ROC (Taiwan) Vice Minister of Defense Andrew Nien-Dzu Yang: Prepare for the worst in bad budget times

Taiwan faces internal and external challenges at the edge of the global hot spot otherwise known as the South China Sea

Russ Imrie August 2012

The Stimson Center in DC hosted Mr. Andrew Yang, Taiwan’s Vice Minister of Defense for a briefing on the state of the nation’s defense posture. He described how Taiwan’s armed forces are intensely studying doctrine and tactics to meet the challenge of a credible defense facing stressed budgets that must not turn into an excuse for unwise moves. While the first line of a credible defense for the island nation is a robust regional economic relationship (especially with its large neighbor China), the nuts and bolts and [increasingly] technology of a modern armed forces require adaptation and constant upgrading. Cyberwarfare is playing a greater and greater role in defense planning for the island nation.
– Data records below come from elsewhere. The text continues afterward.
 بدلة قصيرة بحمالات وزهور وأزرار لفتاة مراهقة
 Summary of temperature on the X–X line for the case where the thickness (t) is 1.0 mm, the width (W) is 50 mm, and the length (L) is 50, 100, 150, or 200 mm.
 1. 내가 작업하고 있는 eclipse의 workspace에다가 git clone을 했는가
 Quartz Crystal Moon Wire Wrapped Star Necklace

“We are not just buying equipment but studying and integrating principles of asymmetric warfare.”

seated l. to r. Vice Minister Andrew Nien-Dzi Yang (Ministry of National Defense), Ambassador Alan D. Romberg - photo Russ Imrie

seated l. to r. Vice Minister Andrew Nien-Dzi Yang (Taiwan Ministry of National Defense), Ambassador Alan D. Romberg – photo Russ Imrie

This talk was met with intense interest by Asian media and after some pointed Q&A, journalists swarmed around Mr. Yang and I filmed a bit as he answered vital questions on behalf of an audience that is paying attention to one of the larger regional debates in the Western Pacific.
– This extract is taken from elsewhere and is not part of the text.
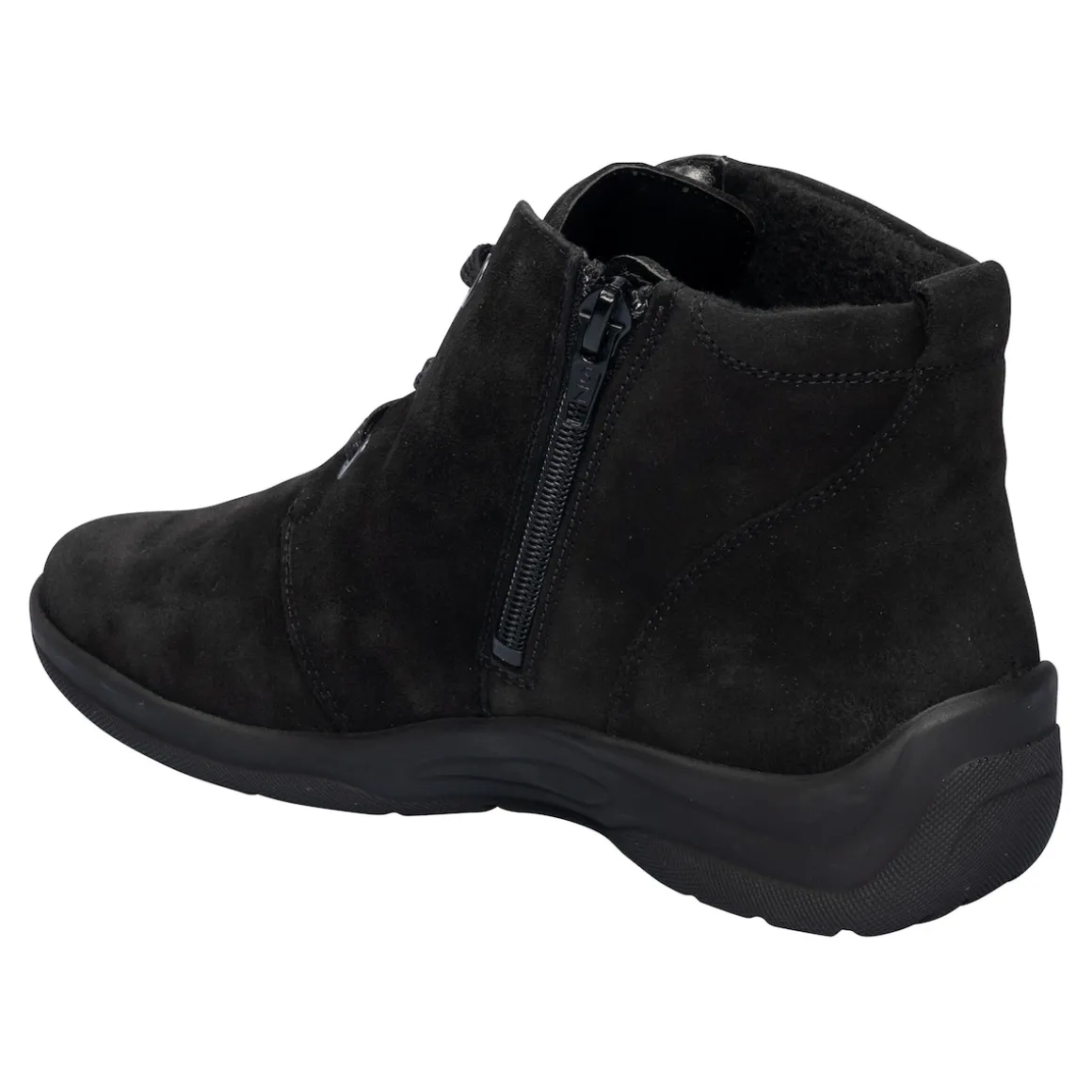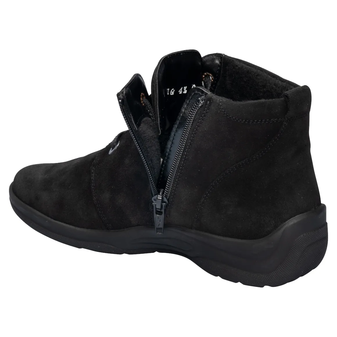 Die extra weite Stiefelette bietet nicht nur einen stilvollen Look, sondern auch höchsten Tragekomfort durch das warme Innenfutter und die weiche Decksohle. Besonders praktisch: Für den einfachen Ein- und Ausstieg sorgt der seitliche Reißverschluss. Mit rutschhemmender Laufsohle.

Repair capacity (runways, aircraft, weapons) is a huge issue. Responsibility to “defend ourselves” in respect to our islands is strong. We need to strictly respect agreements, make clear to others, that we expect this from others.

In respect to Sansha Islands & Yongxing City, it’s “nothing said” diplomacy with China . End of story. So he says.
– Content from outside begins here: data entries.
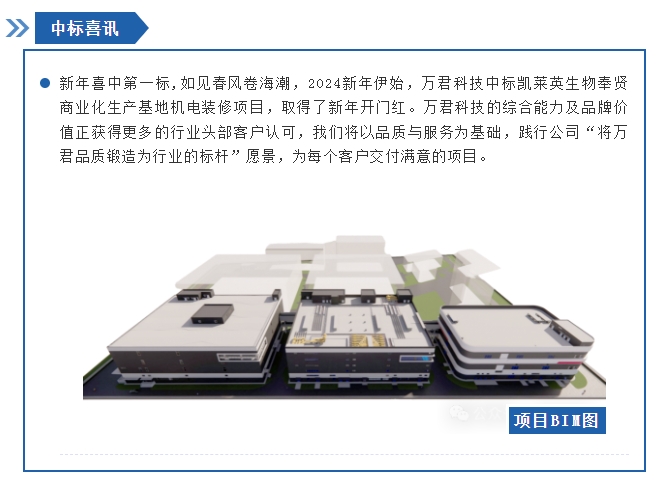 新年第一標(biāo),萬(wàn)君科技中標(biāo)凱萊英生物奉賢商業(yè)化生產(chǎn)基地機(jī)電裝修項(xiàng)目
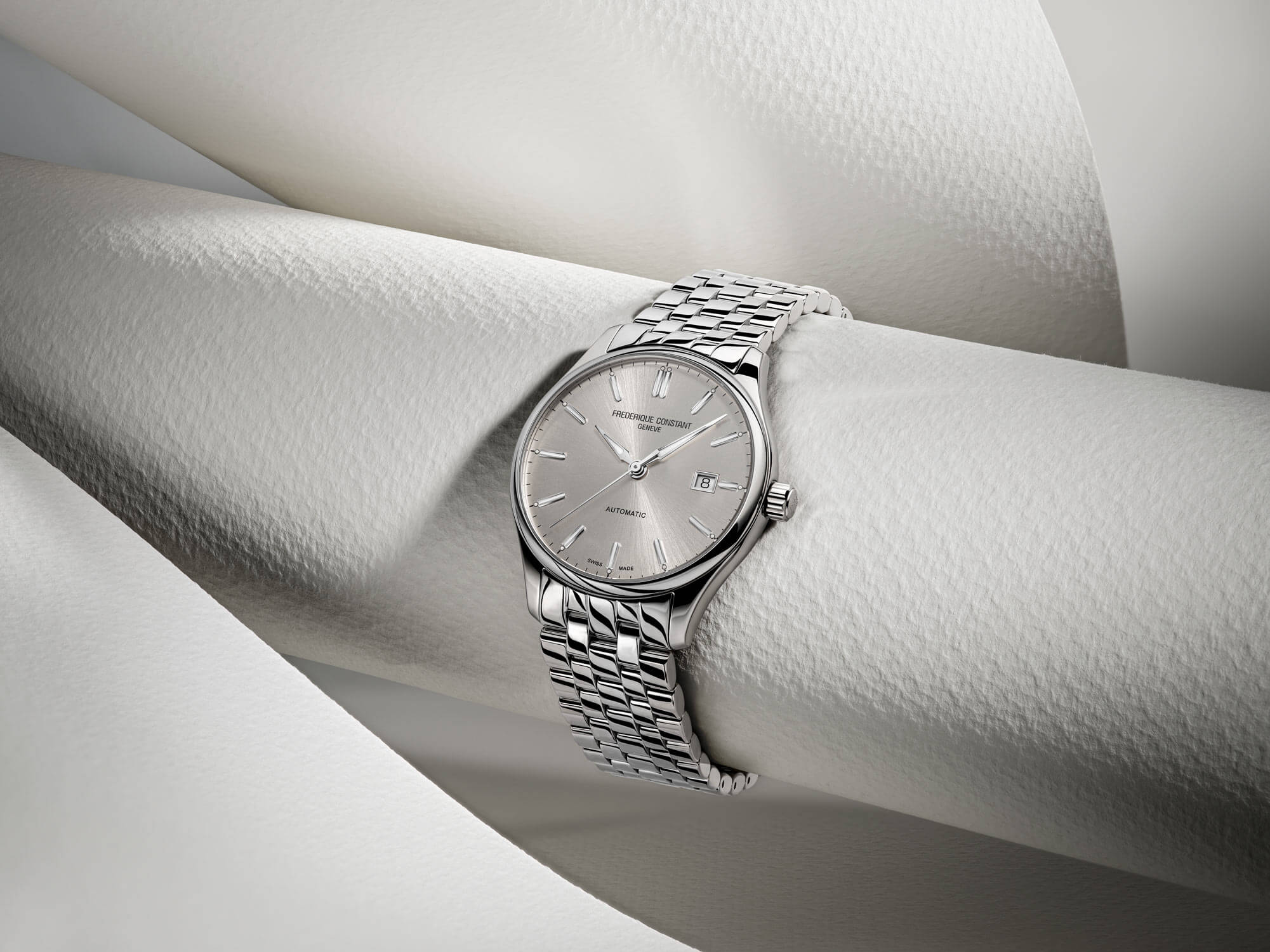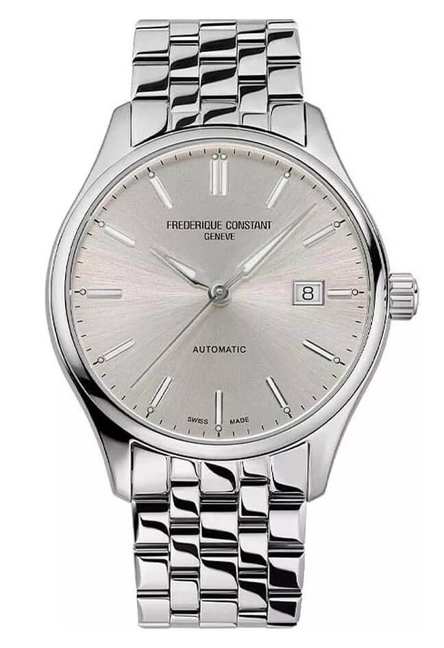 Ciferník hodinek je skutečnou klasikou designu – hluboký, lesklý stříbrný odstín, který se mění v závislosti na úhlu dopadajícího světla, jim dodává jedinečné kouzlo. Tento efekt přitahuje pozornost, avšak jemně a sofistikovaně. Stříbrné indexy a ručičky ladí s pouzdrem, čímž vytvářejí harmonický a elegantní celek. Na třetí hodině se nachází přehledný ukazatel data, který zvyšuje funkčnost modelu a činí jej praktickým společníkem pro každý den. Srdcem hodinek je švýcarský automatický strojek FC-303, který zajišťuje precizní chod a spolehlivost, jakou lze od prémiových časoměřičů očekávat. Jsou to hodinky, které spojují dokonalou estetiku s nekompromisní kvalitou.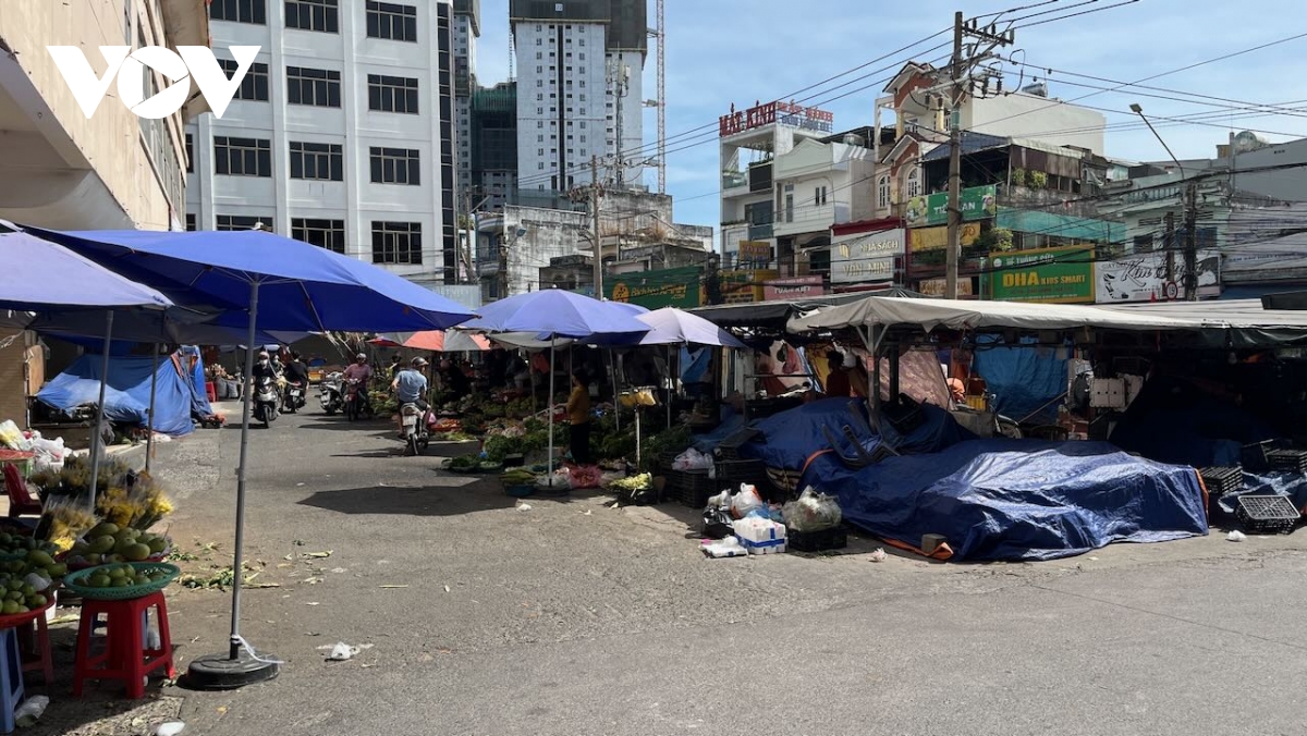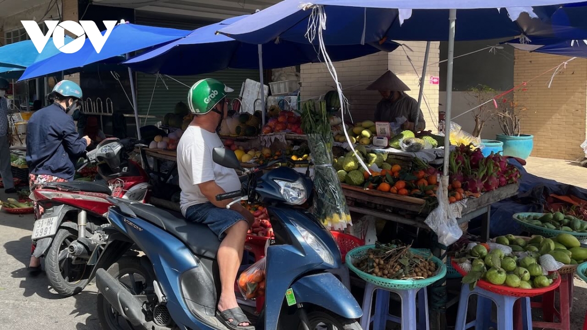 Tại chợ dân sinh Việt Lập (phường Dĩ An, thuộc tỉnh Bình Dương trước đây), các sạp rau xanh, trái cây, thịt cá.. đã mở bán nhưng lượng khách còn thưa thớt, không khí mua bán khá trầm lắng.

My sense is Taiwan is extremely concerned with Chinese encroachment in the islands, especially with the looming budget issues that are a problem for major projects everywhere. Getting spread too thin is a big concern in Taiwan, as it is for many nations in Southeast Asia.

With diplomacy more important than ever then, unilateral moves such as China’s claims on islands, which seem to violate the 1982 United Nations Convention on the Law of the Sea (UNCLOS) to which China is a signatory nation, devalue diplomacy and threaten the peace Taiwan and other Asian coastal trading nations merit. It’s in everyone’s best interests to pull back from such moves.